STORED DATA:
════════════════════
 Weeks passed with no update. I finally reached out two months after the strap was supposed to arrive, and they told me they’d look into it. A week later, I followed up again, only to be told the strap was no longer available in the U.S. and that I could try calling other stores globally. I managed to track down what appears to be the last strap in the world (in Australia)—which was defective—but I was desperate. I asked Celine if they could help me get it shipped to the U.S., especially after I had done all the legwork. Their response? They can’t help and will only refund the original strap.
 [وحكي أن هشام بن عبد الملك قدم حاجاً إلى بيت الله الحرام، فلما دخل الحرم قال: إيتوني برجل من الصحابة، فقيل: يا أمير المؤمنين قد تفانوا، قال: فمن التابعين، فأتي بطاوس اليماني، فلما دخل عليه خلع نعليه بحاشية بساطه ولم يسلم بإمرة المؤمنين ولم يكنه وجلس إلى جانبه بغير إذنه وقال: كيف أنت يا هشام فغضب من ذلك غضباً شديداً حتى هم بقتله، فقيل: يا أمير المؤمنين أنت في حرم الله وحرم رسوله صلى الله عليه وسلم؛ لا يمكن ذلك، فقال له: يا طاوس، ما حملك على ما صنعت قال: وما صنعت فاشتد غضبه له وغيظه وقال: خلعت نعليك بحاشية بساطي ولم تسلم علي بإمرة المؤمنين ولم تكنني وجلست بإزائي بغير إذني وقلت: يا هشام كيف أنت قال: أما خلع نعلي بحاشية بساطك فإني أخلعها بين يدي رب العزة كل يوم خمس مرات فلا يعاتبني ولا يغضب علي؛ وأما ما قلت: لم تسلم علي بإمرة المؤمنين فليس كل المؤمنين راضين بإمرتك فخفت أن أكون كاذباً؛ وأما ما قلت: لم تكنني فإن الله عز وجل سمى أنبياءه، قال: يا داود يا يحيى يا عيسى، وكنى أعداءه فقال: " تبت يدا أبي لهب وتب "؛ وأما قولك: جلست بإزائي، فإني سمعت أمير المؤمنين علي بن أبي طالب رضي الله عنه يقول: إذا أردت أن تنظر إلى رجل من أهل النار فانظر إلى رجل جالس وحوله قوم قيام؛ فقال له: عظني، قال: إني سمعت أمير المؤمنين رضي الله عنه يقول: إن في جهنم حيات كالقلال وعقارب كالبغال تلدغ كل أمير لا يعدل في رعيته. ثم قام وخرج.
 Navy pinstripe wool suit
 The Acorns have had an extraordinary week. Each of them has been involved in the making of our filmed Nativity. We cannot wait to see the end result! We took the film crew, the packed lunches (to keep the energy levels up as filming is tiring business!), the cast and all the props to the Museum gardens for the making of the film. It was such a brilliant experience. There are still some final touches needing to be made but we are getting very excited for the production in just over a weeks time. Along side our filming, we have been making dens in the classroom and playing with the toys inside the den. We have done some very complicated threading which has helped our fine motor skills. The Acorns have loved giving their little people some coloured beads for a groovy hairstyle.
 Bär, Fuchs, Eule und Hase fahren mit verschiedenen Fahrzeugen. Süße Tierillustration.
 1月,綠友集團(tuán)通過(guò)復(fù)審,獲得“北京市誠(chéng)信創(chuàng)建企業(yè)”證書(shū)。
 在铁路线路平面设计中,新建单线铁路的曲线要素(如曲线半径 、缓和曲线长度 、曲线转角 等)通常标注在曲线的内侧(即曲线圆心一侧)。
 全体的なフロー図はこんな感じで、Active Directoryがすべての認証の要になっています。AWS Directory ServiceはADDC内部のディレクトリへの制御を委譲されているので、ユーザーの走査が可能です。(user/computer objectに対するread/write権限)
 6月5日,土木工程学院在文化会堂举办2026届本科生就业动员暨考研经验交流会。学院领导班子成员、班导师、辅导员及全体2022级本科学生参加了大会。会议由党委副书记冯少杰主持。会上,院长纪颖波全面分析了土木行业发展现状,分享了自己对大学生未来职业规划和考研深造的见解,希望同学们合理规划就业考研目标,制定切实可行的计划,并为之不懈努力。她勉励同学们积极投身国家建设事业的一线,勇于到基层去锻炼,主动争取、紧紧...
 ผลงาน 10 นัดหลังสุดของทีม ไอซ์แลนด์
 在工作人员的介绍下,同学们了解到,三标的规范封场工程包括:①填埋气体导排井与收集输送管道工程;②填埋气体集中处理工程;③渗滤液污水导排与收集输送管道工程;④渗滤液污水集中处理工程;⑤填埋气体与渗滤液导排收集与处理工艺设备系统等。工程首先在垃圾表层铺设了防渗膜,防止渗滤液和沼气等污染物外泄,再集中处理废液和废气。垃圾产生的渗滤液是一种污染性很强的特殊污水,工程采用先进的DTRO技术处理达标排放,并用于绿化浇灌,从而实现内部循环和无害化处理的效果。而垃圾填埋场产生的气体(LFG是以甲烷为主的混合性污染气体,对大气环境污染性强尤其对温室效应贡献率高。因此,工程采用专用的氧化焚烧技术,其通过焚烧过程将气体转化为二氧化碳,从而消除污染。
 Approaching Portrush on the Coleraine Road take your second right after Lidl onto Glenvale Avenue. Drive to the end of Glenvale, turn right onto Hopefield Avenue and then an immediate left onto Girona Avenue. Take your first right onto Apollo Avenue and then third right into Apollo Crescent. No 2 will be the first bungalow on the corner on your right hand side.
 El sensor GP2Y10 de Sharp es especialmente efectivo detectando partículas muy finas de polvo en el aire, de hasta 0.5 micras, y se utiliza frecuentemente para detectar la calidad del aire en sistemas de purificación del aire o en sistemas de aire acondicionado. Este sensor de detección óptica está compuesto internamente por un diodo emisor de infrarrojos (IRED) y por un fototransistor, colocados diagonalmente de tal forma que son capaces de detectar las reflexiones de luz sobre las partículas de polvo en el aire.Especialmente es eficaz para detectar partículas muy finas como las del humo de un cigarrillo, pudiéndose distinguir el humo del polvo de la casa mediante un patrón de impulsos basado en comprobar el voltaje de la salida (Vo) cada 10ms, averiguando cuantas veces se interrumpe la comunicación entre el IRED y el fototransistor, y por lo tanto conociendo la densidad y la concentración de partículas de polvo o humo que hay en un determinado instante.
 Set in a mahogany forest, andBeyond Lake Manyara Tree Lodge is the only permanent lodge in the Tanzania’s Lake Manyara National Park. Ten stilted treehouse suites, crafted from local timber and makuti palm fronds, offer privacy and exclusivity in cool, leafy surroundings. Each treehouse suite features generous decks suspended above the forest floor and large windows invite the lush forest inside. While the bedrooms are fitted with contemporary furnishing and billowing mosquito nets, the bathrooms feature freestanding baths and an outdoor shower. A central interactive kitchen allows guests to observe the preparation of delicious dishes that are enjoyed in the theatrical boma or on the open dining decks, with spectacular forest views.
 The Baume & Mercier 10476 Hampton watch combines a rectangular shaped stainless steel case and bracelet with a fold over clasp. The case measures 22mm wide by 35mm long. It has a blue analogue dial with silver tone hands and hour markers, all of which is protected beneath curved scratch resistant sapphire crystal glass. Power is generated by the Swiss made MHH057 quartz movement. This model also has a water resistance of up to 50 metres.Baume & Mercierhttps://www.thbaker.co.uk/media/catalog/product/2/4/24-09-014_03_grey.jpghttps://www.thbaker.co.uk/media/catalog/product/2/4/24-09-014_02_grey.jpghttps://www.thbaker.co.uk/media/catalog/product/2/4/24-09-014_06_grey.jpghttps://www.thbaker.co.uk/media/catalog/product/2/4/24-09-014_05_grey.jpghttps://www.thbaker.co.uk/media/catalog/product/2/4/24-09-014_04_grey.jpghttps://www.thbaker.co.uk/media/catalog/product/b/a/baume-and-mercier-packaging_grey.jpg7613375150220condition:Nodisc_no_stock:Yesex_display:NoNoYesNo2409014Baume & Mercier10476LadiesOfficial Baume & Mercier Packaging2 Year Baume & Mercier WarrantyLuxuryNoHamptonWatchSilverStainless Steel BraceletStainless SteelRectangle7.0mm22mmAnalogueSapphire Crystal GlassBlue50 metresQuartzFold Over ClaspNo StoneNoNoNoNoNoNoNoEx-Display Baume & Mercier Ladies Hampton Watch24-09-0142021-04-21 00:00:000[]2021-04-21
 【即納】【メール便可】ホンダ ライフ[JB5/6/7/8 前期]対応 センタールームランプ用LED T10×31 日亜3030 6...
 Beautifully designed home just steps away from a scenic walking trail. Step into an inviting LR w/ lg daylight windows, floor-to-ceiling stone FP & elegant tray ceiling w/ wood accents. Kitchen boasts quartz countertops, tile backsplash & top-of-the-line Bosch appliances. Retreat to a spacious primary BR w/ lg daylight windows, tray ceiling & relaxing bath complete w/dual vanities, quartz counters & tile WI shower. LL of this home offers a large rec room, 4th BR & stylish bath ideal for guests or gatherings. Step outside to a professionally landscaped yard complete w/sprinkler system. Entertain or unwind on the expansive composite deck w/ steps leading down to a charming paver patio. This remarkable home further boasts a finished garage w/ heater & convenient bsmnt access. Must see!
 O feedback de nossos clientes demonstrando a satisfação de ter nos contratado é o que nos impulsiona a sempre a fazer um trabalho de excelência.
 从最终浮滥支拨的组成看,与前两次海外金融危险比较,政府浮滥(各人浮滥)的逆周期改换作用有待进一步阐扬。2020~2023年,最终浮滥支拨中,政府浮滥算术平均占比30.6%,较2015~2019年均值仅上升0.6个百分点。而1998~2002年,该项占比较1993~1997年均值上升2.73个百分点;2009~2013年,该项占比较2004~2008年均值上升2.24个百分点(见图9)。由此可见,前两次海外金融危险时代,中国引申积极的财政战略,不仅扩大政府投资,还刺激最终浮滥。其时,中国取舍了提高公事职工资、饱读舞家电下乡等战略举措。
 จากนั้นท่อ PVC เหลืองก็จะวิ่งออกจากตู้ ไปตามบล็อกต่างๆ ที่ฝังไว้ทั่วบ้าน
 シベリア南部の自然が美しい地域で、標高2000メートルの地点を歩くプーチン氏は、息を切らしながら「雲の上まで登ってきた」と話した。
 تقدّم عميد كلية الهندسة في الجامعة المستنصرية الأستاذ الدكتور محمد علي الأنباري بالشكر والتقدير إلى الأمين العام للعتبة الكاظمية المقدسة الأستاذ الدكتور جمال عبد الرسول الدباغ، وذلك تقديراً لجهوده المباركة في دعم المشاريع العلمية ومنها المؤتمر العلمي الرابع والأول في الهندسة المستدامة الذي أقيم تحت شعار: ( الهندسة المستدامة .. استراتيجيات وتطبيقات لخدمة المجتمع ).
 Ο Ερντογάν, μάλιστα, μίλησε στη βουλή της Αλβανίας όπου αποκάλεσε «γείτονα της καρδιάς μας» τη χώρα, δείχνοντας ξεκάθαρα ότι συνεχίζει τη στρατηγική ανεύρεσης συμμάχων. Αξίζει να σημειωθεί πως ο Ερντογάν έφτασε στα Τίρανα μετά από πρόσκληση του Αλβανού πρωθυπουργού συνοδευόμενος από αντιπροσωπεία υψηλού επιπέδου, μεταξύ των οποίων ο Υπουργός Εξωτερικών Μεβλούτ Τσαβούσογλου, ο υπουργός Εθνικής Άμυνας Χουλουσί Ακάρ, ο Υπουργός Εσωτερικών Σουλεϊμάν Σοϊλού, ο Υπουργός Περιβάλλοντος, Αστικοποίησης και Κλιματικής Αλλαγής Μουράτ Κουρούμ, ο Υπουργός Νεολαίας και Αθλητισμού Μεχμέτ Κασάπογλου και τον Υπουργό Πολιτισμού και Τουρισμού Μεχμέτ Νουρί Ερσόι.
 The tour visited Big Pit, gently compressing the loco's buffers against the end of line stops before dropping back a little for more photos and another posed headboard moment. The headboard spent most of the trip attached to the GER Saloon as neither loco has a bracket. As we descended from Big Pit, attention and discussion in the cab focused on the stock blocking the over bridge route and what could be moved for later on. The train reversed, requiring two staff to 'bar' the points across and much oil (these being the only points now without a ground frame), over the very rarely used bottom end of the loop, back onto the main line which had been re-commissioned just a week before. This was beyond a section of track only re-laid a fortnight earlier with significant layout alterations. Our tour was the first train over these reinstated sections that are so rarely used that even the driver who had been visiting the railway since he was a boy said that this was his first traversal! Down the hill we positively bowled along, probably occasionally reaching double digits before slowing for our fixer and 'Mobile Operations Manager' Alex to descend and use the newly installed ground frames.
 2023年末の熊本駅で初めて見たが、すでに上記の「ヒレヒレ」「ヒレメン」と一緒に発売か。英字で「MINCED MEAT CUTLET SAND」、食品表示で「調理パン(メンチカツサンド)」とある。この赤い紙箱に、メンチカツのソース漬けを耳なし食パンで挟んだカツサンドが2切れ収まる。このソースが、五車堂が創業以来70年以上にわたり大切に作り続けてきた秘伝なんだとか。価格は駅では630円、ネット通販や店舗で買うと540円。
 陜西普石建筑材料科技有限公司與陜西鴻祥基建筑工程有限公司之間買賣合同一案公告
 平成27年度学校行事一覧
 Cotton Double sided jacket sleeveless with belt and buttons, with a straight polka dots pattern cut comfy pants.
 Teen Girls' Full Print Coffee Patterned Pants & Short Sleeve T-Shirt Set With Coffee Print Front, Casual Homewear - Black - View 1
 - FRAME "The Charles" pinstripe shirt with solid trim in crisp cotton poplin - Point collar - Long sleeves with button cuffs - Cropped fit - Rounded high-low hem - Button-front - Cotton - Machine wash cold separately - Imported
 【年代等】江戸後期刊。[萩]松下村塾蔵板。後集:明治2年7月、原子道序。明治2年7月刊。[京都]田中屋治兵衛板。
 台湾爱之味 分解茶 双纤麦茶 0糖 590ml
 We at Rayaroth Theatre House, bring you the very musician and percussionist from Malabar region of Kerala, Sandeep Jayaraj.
════════════════════
DIRECTIONS:
In the entries above, find the line holding "在工作人员的介绍下,同学们了" and the line holding "El sensor GP2Y10"; print both of them and every line between, exactly, and nothing else.

TASK RESPONSE:
 在工作人员的介绍下,同学们了解到,三标的规范封场工程包括:①填埋气体导排井与收集输送管道工程;②填埋气体集中处理工程;③渗滤液污水导排与收集输送管道工程;④渗滤液污水集中处理工程;⑤填埋气体与渗滤液导排收集与处理工艺设备系统等。工程首先在垃圾表层铺设了防渗膜,防止渗滤液和沼气等污染物外泄,再集中处理废液和废气。垃圾产生的渗滤液是一种污染性很强的特殊污水,工程采用先进的DTRO技术处理达标排放,并用于绿化浇灌,从而实现内部循环和无害化处理的效果。而垃圾填埋场产生的气体(LFG是以甲烷为主的混合性污染气体,对大气环境污染性强尤其对温室效应贡献率高。因此,工程采用专用的氧化焚烧技术,其通过焚烧过程将气体转化为二氧化碳,从而消除污染。
 Approaching Portrush on the Coleraine Road take your second right after Lidl onto Glenvale Avenue. Drive to the end of Glenvale, turn right onto Hopefield Avenue and then an immediate left onto Girona Avenue. Take your first right onto Apollo Avenue and then third right into Apollo Crescent. No 2 will be the first bungalow on the corner on your right hand side.
 El sensor GP2Y10 de Sharp es especialmente efectivo detectando partículas muy finas de polvo en el aire, de hasta 0.5 micras, y se utiliza frecuentemente para detectar la calidad del aire en sistemas de purificación del aire o en sistemas de aire acondicionado. Este sensor de detección óptica está compuesto internamente por un diodo emisor de infrarrojos (IRED) y por un fototransistor, colocados diagonalmente de tal forma que son capaces de detectar las reflexiones de luz sobre las partículas de polvo en el aire.Especialmente es eficaz para detectar partículas muy finas como las del humo de un cigarrillo, pudiéndose distinguir el humo del polvo de la casa mediante un patrón de impulsos basado en comprobar el voltaje de la salida (Vo) cada 10ms, averiguando cuantas veces se interrumpe la comunicación entre el IRED y el fototransistor, y por lo tanto conociendo la densidad y la concentración de partículas de polvo o humo que hay en un determinado instante.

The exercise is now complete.